In the present study, we aimed to investigate two possible explanations for the inconsistencies in testing effect studies using text materials and completion tests. One possibility was related to the way recall was assessed in most previous studies. As noted, in most previous studies on the effect of short-answer testing, recall performance was assessed after a single long-term retention interval. In our study, we assessed recall at two retention intervals which enabled us to investigate the rate of forgetting. In Experiment 1, using a highly coherent text, we found no apparent retention benefit of testing compared to a restudy (control) condition. The testing group and the restudy group showed comparable rates of forgetting over the course of the 1-week interval. However, in Experiment 2, when text coherence was disrupted, we found that testing slowed down the rate of forgetting compared to a restudy (control) condition. Taken together, these results suggest that the benefits of testing can be dependent on the connectedness of the to-be-learned materials.

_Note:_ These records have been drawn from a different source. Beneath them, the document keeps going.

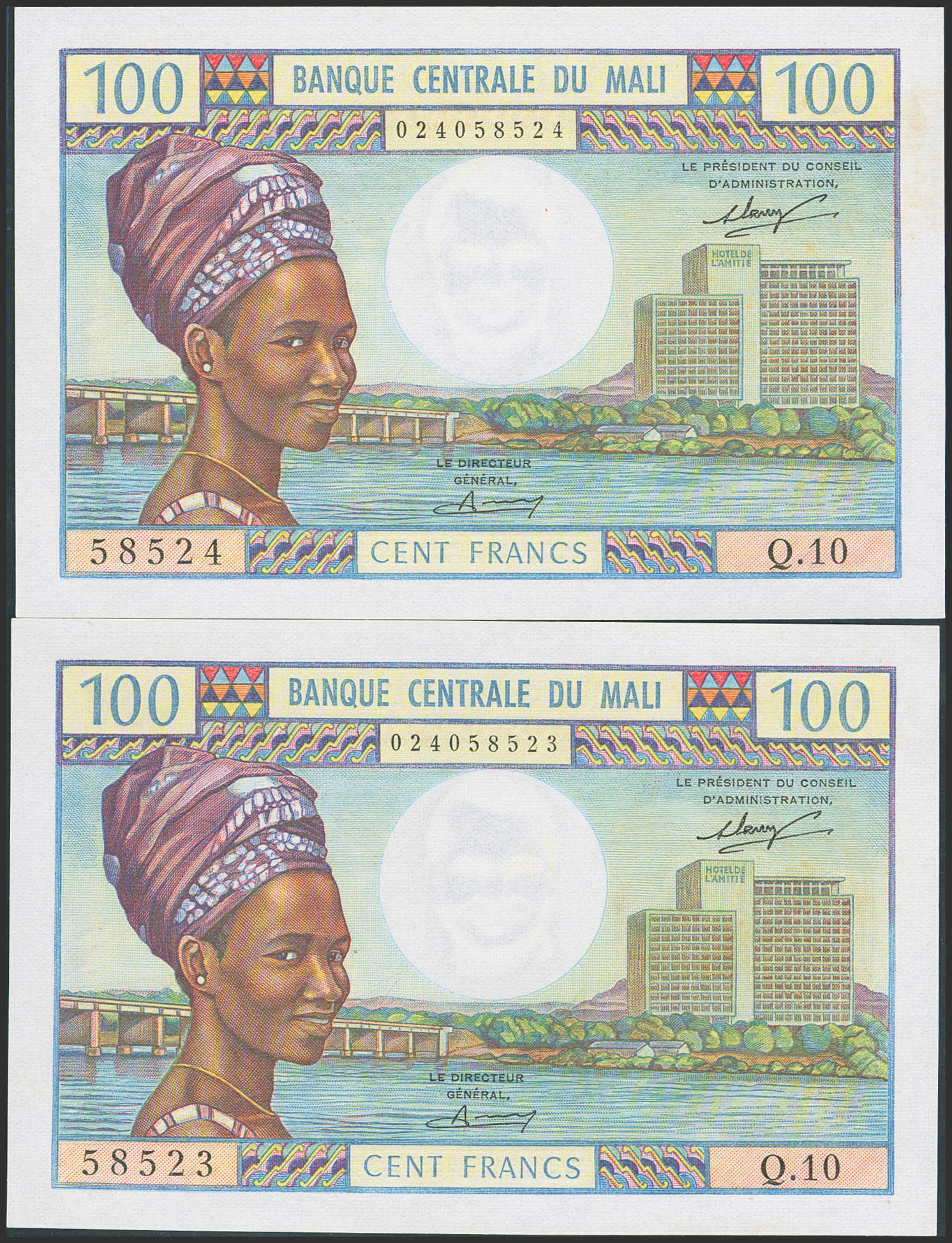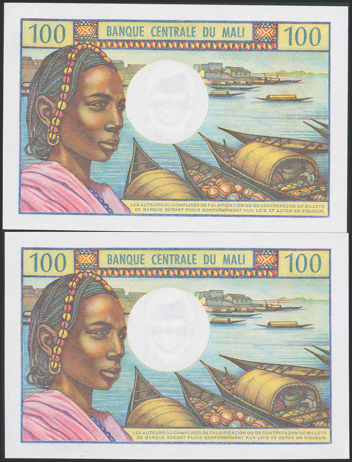 MALI. 100 Francs. Pair correlative. (1972ca). (Pick: 11). About Uncirculated.
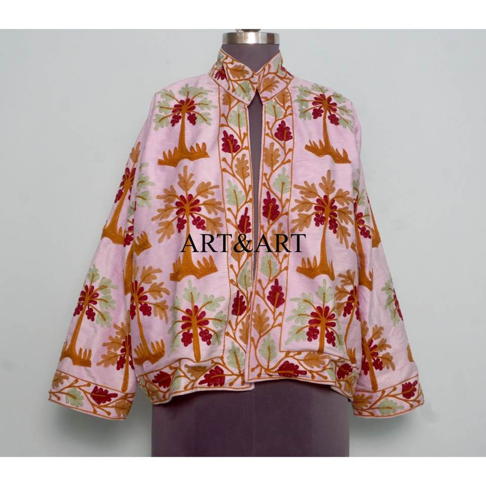 Women's Velvet Artisan Hand Embroidered Suzani Quilted Jacket Floral Design 100% Cotton Shell Woven Fabric Eco-Friendly Quick
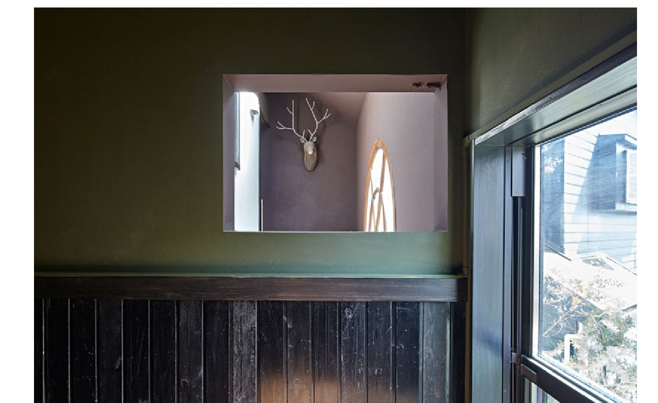 増築後の旧階段スペースは約2畳の書斎へと転換されました。緑色の壁に包まれた小空間にアンティークデスクを据え、壁をくり抜いて階段下の光を取り込む構成。移動のための場所だった空間が、思考のための場へと意味を変えています。
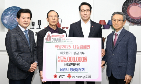남원시는 1월 16일 남원시 행정공무원 퇴직자 모임인 행정동우회(회장 이광우)에서 희망2025나눔캠페인을 맞아 자체적으로 모금한 성금 5백만 원을 기부했다고 밝혔다.
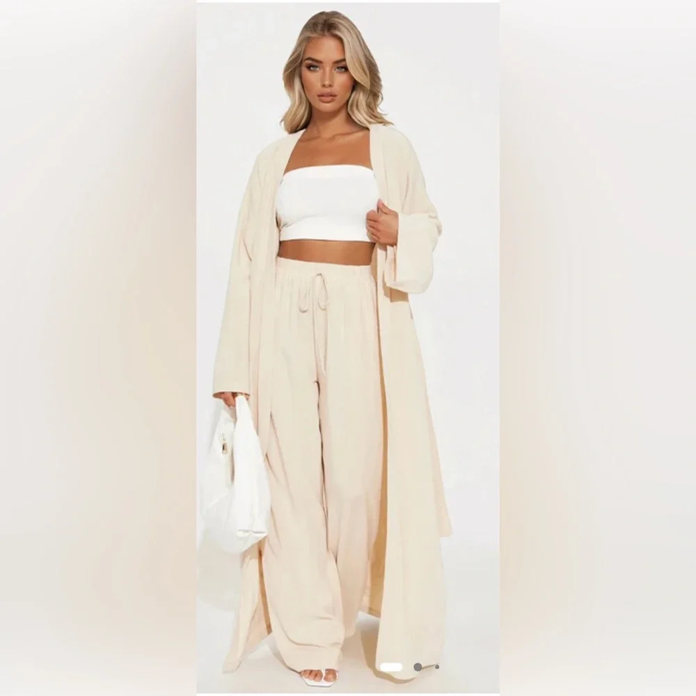 Ivory Wide-Leg Drawstring Pant and Robe Set
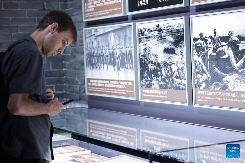 A journalist visits the Museum of the War of Chinese People's Resistance Against Japanese Aggression in Beijing, capital of China, Aug. 27, 2025. Nearly 200 journalists went to the Museum of the War of Chinese People's Resistance Against Japanese Aggression for visits and interviews on Wednesday.
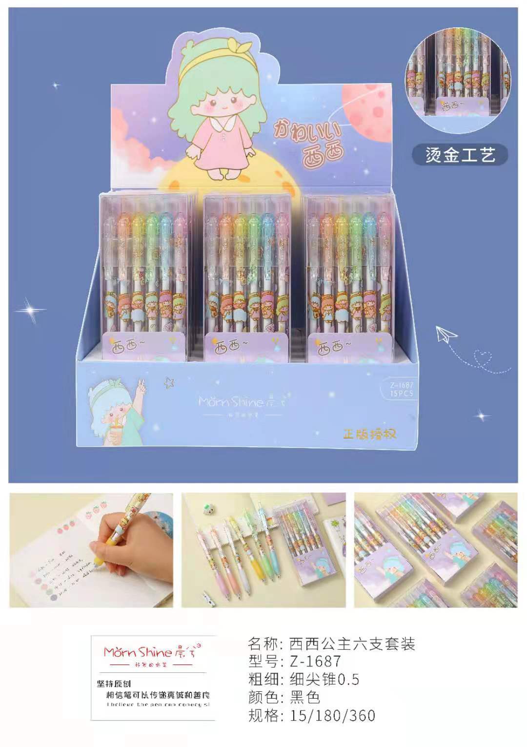 morning stationery xixi princess press gel pen little girl bronzing printing fine pointed cone pen head beating water pen
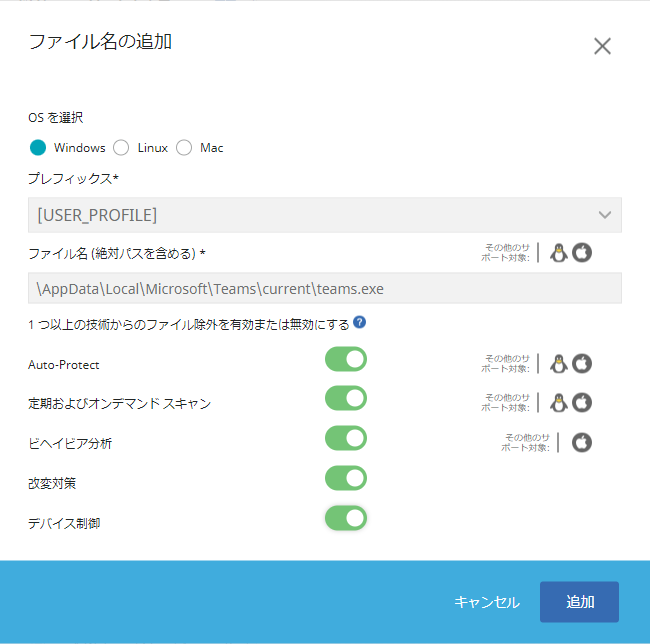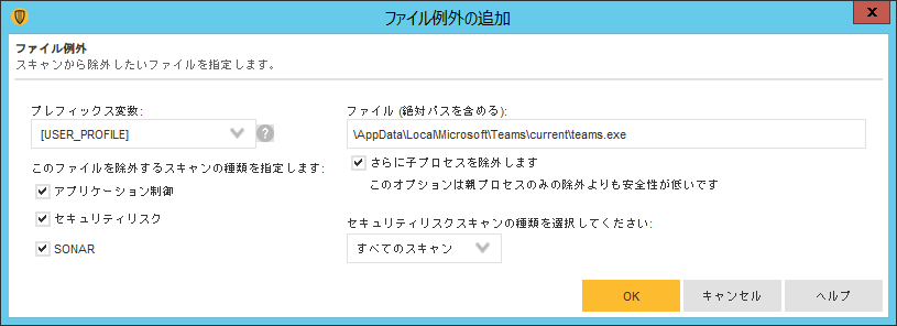 SEP/SES が Microsoft Teams に干渉するのを防ぐには、以下の除外項目を追加してください。
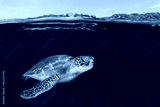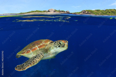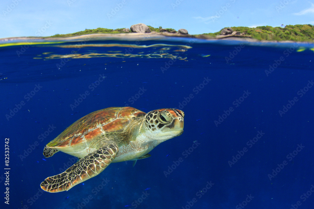 Green Sea Turtle swims in clear blue sea of Similan Islands
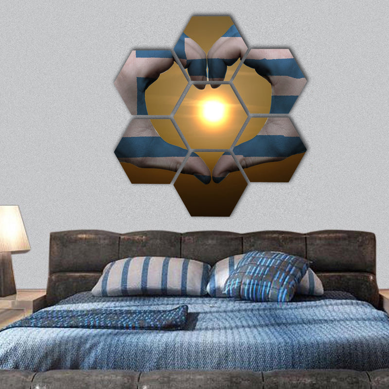 Clarnia is a concept store and your one stop solution for adding class to the interiors. Here you go with the most surreal Gesture make by Greece flag hexagonal canvas wall art collection. We specialize in Greece flag hexagonal Canvas wall art with perfect animations of designs and colors with bold strokes and hues. Every tint is going to melt your heart. Our paneled wall art collection is here to get you bundle of compliments.
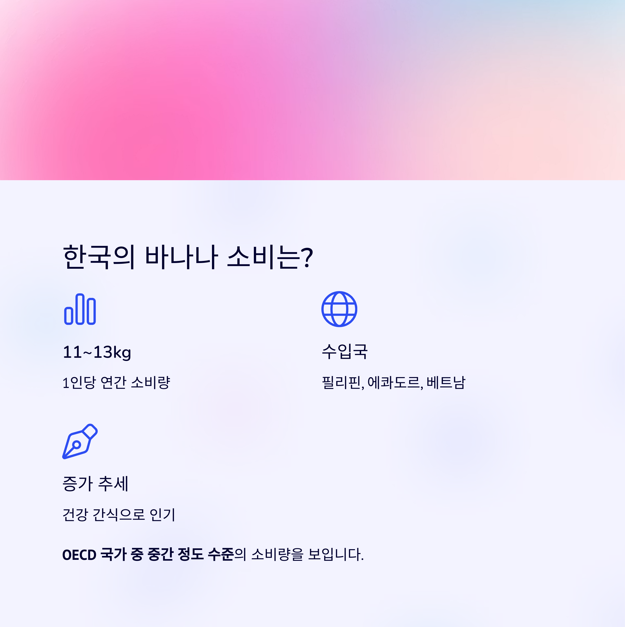 한국의 1인당 바나나 소비량은 약 11~13kg 수준으로
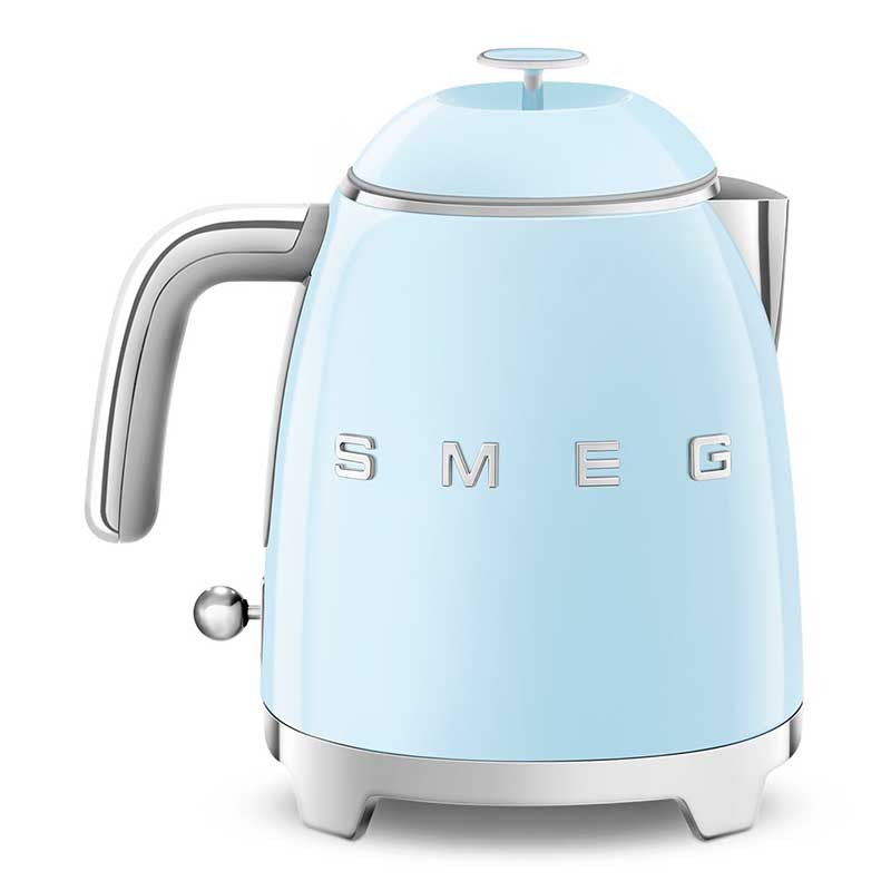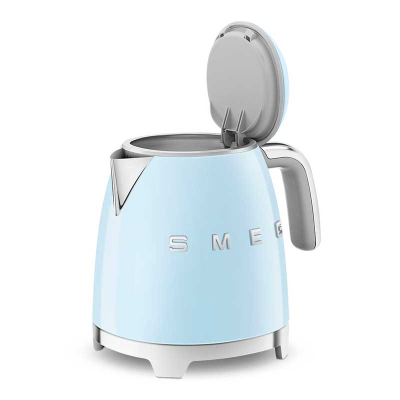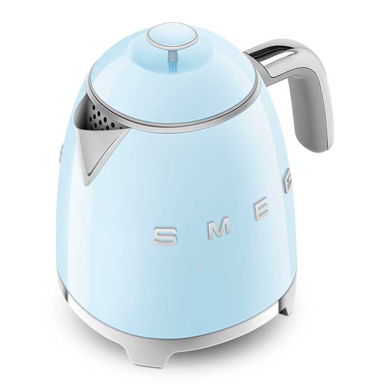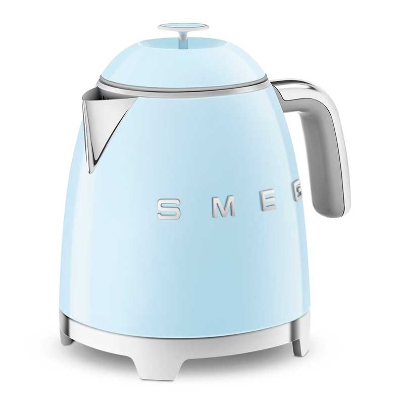 Mini bouilloire de style Smeg 50 de 0,8 litre avec corps en plastique, finition brillante bleu ciel et base pivotante à 360º.

Past research on text coherence has shown that the connectedness of material can have a powerful effect on later recall of text material (Britton and Gülgöz 1991; Kintsch 1994). Since we disrupted the coherence of the black hole text and presented the material as a list of facts in Experiment 2, one would expect that test scores would be lower in Experiment 2 compared to those in Experiment 1. Inspection of the practice test and retention test scores in Experiments 1 and 2 suggests that this was indeed the case. Averaged across conditions, participants in Experiment 2 performed worse compared to the participants in Experiment 1 on the retention test (50 vs. 59 % correct), and also on the practice test (54 vs. 67 % correct). As already noted, researchers have argued that testing can sometimes be ineffective when recall is relatively low on an initial practice test (e.g., Kang et al. 2007). Interestingly, in Experiment 2 of the present study, we found that testing slowed down the rate of forgetting even though recall performance on the initial practice test was considerably lower compared to performance in Experiment 1. Thus, the discrepancy in results between the two experiments in the present study cannot be explained by the amount recalled on the practice tests. In fact, given the level of recall performance on the practice tests in the respective experiments, one would have expected a more pronounced testing effect in Experiment 1 rather than in Experiment 2.

In Experiment 2, using a list of facts, we found evidence suggesting that testing can slow down the rate of forgetting. It has been argued that tests appear to slow down the rate of forgetting because taking a practice test can result in stronger memory traces for successfully retrieved items compared to non-recalled items or restudied items (Halamish and Bjork 2011; Kornell et al. 2011). One reason why tests might result in stronger memory traces is offered by the elaborative retrieval hypothesis (e.g., Carpenter 2009; Carpenter and DeLosh 2006). This hypothesis suggests that testing will result in more elaborate memory traces compared to passive restudy of information. Support for this hypothesis has been provided by studies showing that the effect of testing can get more pronounced as the amount of cue support on the practice tests diminishes. For instance, in a study by Carpenter and DeLosh (2006), it was found that retrieving items with fewer letter cues was associated with better final recall test performance. One way to explain the results from the present study could be in light of the elaborative retrieval hypothesis. As already noted, in a coherent text, ideas are presented in a very particular logical order. It has been argued that the organizational structure of text materials can also serve as a retrieval cue to enhance later recall (Shimmerlik 1978). In the present study, the coherent context of the materials used in Experiment 1 might also have functioned as a retrieval cue. If this was the case, then one could argue that the test used in Experiment 1 might not have resulted in more elaborate processing relative to the processing already invited by the cue support provided by the context of the text. However, for the isolated statements in Experiment 2, the absence of the supporting context of the text might have resulted in more elaborative processing on the test. Investigating this possible explanation could be a fruitful avenue to pursue in future research.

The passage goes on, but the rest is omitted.